Good classification, poor clustering

jwdebelius · March 13, 2023, 2:08pm

Hi Team!

I've got a weird conundrum, and I'm hoping for some hive mind wisdom.

I've got a data set that is 16S V34 Illumina paired end data and I'm running in qiime2-2022.2. Because of several project related constraints, I'm sort of stuck with this version.

My reads are part of a meta analysis, and so I've been clustering them closed reference. My current pipeline for hte data is:

Trim primers using cutadapt; keep untrimmed reads since they were trimmed before processing
Join paired ends using q2-vsearch
Quality filter iwth q2-quality-filter using default parameters
Denosing using deblur-16S, trimming like the first 15nt and a reasonable length for the ASVs
Apply a full length Silva 138.1 feature classifier to the ASVs and check the taxonomy using classify-sklearn
Cluster the data closed reference at 99% against the same Silva 138.1 reference sequences I used to build the classifier using q2-vserach.

When I look at the high level ASV taxonomy, it looks reasonably good. The community composition reflects the expected enviroment, there's reasonable variation, and it passes the sniff test.

None of the representative sequences are clustering against the reference database, and the ones I do get to cluster don't make sense. (Mostly Bacilli for a fecal community.)

I've tried:

Switching the primer trimming (no dice)
Running single and paired ends
Changingt the denoising trim length
Relaxing my clustering identity
Allowing mixed orientation reads
Crying

Thus far, nothing has worked.

I'm hoping someone here might have some brilliant insight?

Thanks,
Justine

Nicholas_Bokulich · March 13, 2023, 3:26pm

Hi @jwdebelius ,
I think the issue might just be this step:

99% is quite high, and could lead to many failures, esp. if the reads are just a little bit noisy. I recommend reducing this to see if you start getting an acceptable number of reads passing. Looks like you already did this:

but how much did you relax, and what was the effect?
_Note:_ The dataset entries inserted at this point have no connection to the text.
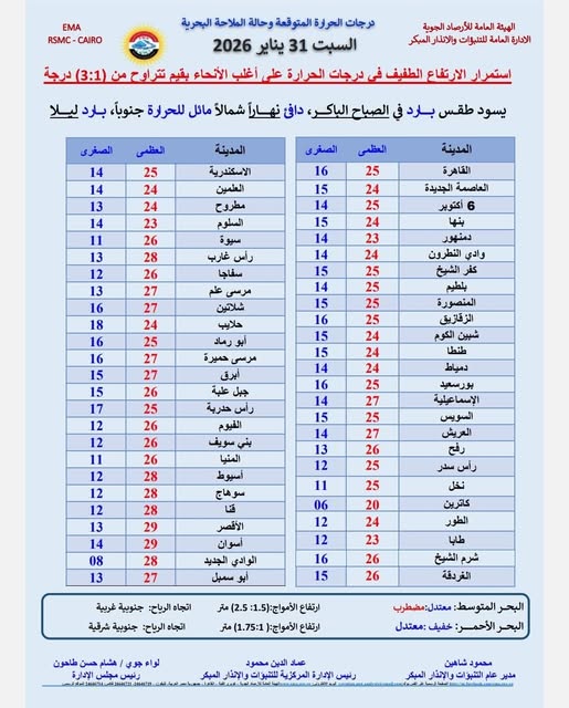 حذرت الهيئة العامة للأرصاد الجوية، من حالة الطقس غدا السبت 31 يناير 2026، إذ أكدت استمرار ارتفاع درجات الحرارة على أغلب الأنحاء بقيم تتراوح من (1 : 3) درجات مئوية، ويكون الطقس نهاراً: دافئ على أغلب الأنحاء، والطقس ليلاً وفي الصباح الباكر: بارد.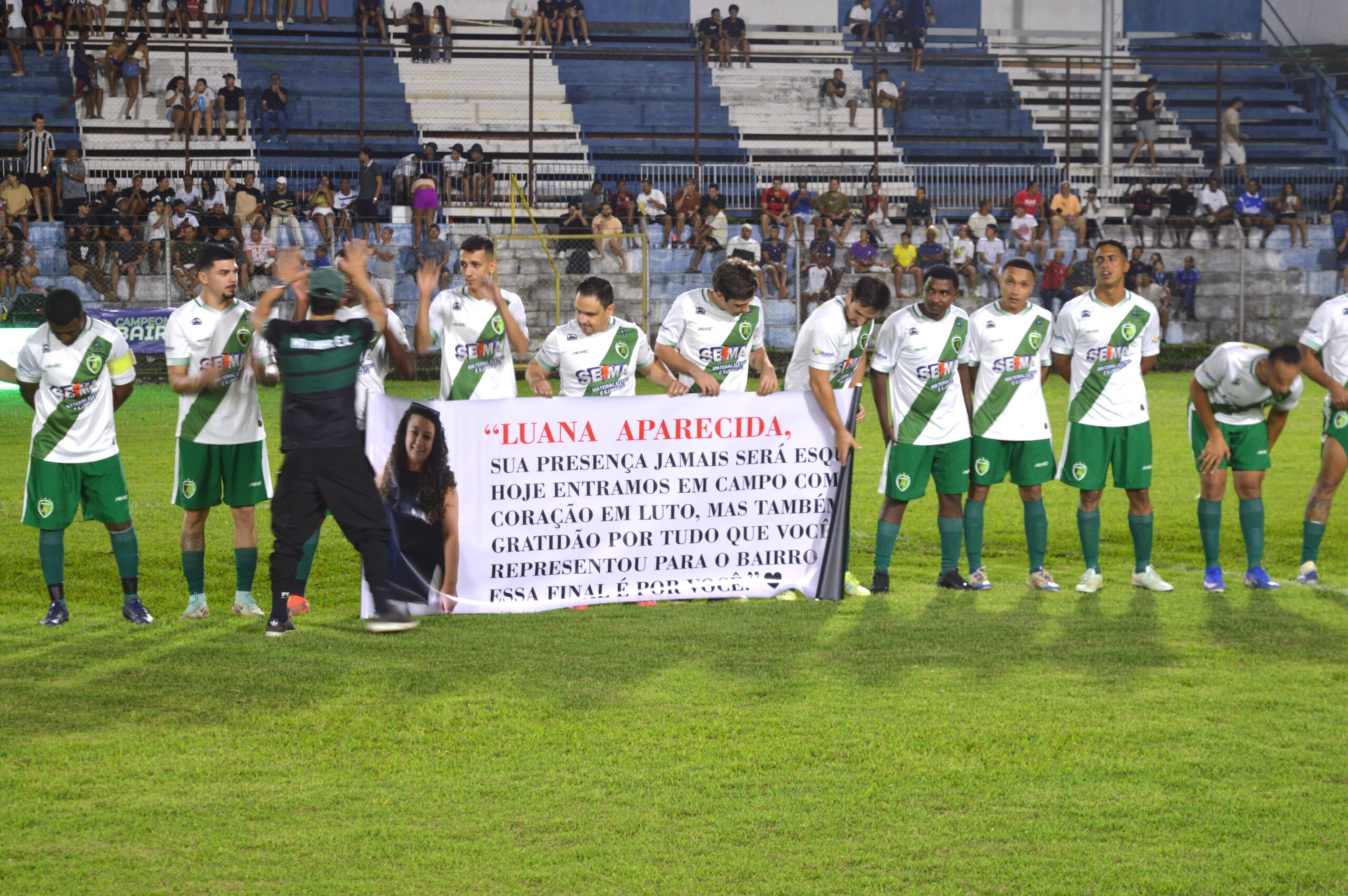 Um dos momentos mais marcantes da tarde ocorreu durante a entrada da equipe do bairro Matinha, nas duas categorias. Os jogadores prestaram uma homenagem emocionante a Luana Aparecida, moradora do bairro que faleceu tragicamente na última quarta-feira (08/04). O gesto de carinho e solidariedade uniu as torcidas, mostrando que o futebol vai muito além das quatro linhas.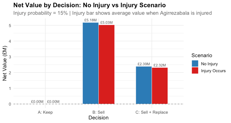 Here, even in the unlikely scenario within the probability tail that Agirrezabala gets injured and misses games, incurring a negative effect on performance, on average, both selling decisions still have substantial gains over the zero gains generated by keeping him.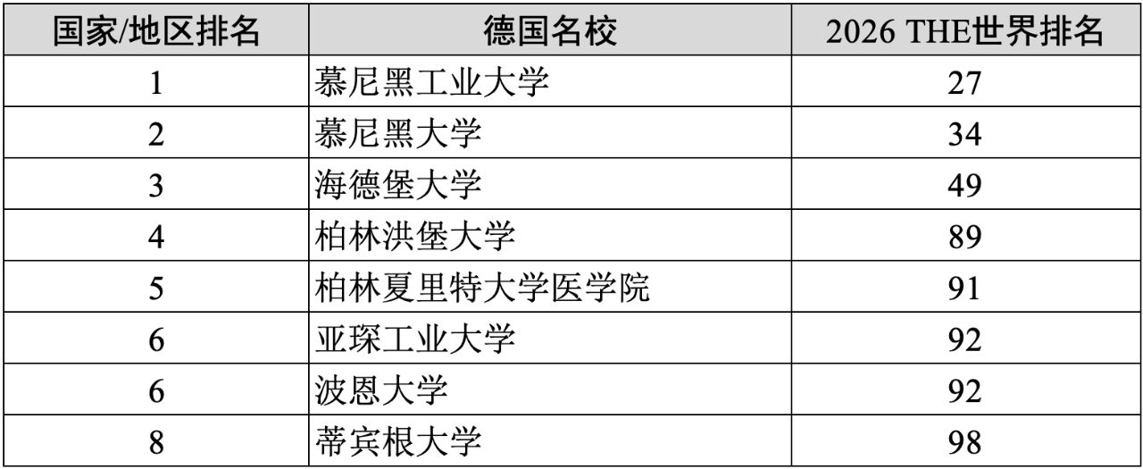 1)德国(8所):慕尼黑工业大学(27)、慕尼黑大学(34)、海德堡大学(49)、柏林洪堡大学(89)、柏林夏里特大学医学院(91)、亚琛工业大学(92)、波恩大学(92)、蒂宾根大学(98)。

jwdebelius · March 13, 2023, 7:38pm

Hi @Nicholas_Bokulich,

Thanks for your brilliant insight! I think I went to like 98%, which clearly wasn't enough. When I reduced to 97%, I rescue a large portion of samples and the samples look like stool. I was hoping to stay higher, but it's at least justifiable.

Best,
Justine

system · April 14, 2023, 1:39am

This topic was automatically closed 31 days after the last reply. New replies are no longer allowed.